Thematic Session (Papers belonging to this Thematic Session)

Transcultural networks and neighborhoods

Authors: Vigouroux, Cécile B.; Meinhof, Ulrike Hanna
Submitted by: Vigouroux, Cécile (Simon Fraser University, Canada)

This panel aims at exploring the relevance of neighborhood as a spatio-temporal unit of analysis to studying the mobility of people, of language resources, and of semiotic artifacts. Neighborhoods are defined here as experienced timespaces, constantly re-constructed through social actors’ semiotic practices rather than through fixed and institutionalized administrative units. This approach raises methodological and theoretical issues about traditional sociolinguistic and prompts scholars to revisit units of analysis such as community and network. Taking neighborhood as a unit of analysis also blurs categories such as insider vs. outsider and foreigner vs. local.
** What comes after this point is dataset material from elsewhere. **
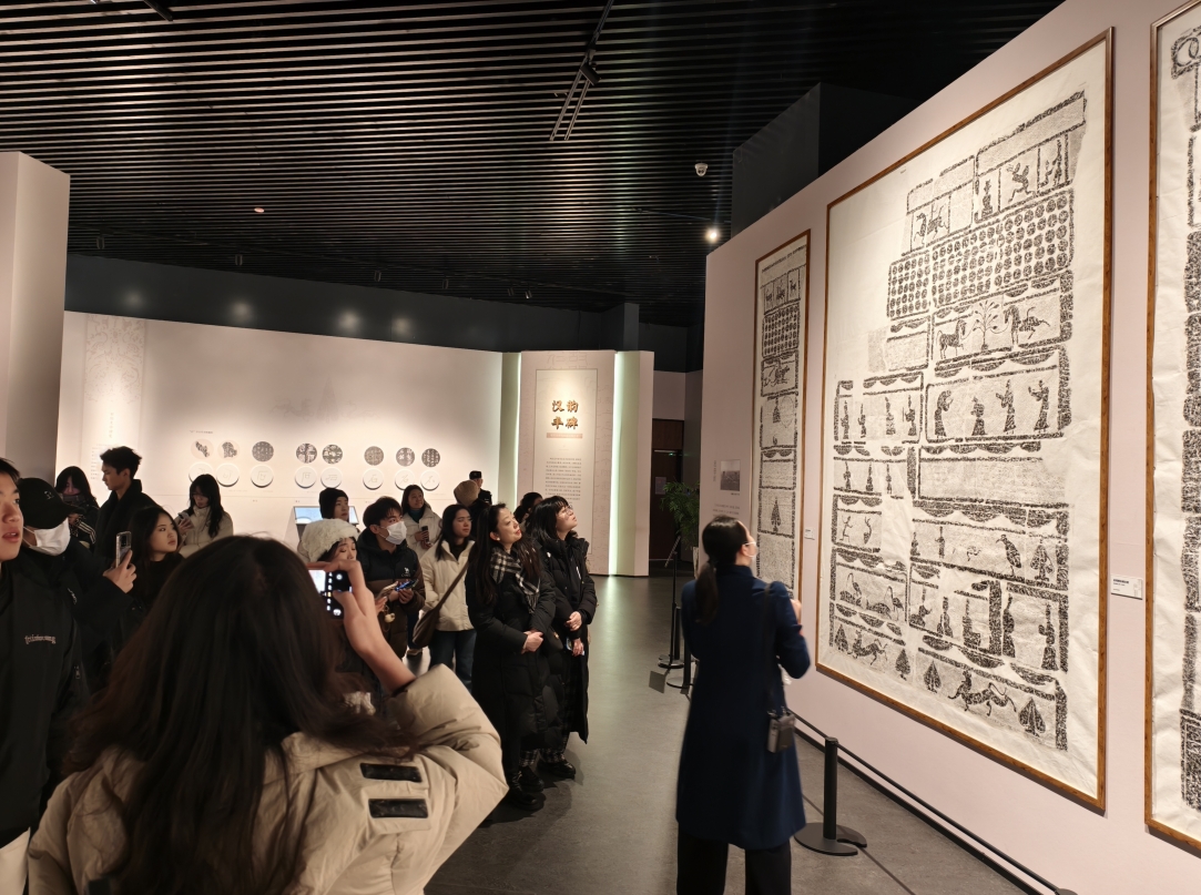 专题展区部分,汉画像砖与传统云肩成为本次研学的重点。师生先后参观了位于三层的“天工石影”“汉诗意韵”展厅,深入学习汉画像砖的历史脉络与拓印技艺,领会其“以刀代笔”记录汉代生活的艺术表达。随后步入四层的“锦绣云霞”展厅,集中观摩晚清至民国时期的云肩藏品。这些以织锦缎为材,融绣、镶、嵌等工艺于一体的服饰珍品,纹样多取云纹四合、花鸟呈祥之意,既体现“外圆内方”的传统造物哲学,也寄托了古人对美好生活的向往,使学生直观感受到传统服饰实用与审美并重的文化特质。此外,师生还参观了馆藏石刻、陶瓷等专题展览,从中多角度捕捉中原美学的基因片段。

For instance, one can be an institutionally ratified foreigner (e.g. a Congolese in Belgium) but a ratified insider on the ground (e.g. a Congolese in Brussels’ Matonge).

The papers of this panel have in common the fact of approaching neighborhoods from the perspective of transculturalism, focusing on migrants (be they transnational or regional) and investing and creating new spaces through trans-local practices. Among the issues we wish to address are the following: 1) How, within a given space, do localized practices connect different timespaces and create a sociocultural continuum between discontinuous geographic spaces, for instance, from urban to rural, one point of a city to another, and one country to another? 2) How are spaces of socialization and sociability created between individuals or self-organized groups that either ratify or transcend sociocultural boundaries? 3) How are some neighborhoods commodified with explicit display of, say, Italian-ness or African-ness?  4) How, by conforming to local representations and tastes of what being Italian or African should be, do they contribute to the reproduction of localized ethnicity? and 5) How are multilayered traces of population movements made visible through linguistic landscape and ethnically-based economic activities?

This panel explores different parts of the world. Data analyzed are multimodal, ranging from ethnographic field notes, audio-recorded narratives, mind-maps, archives, media texts, and photographs. 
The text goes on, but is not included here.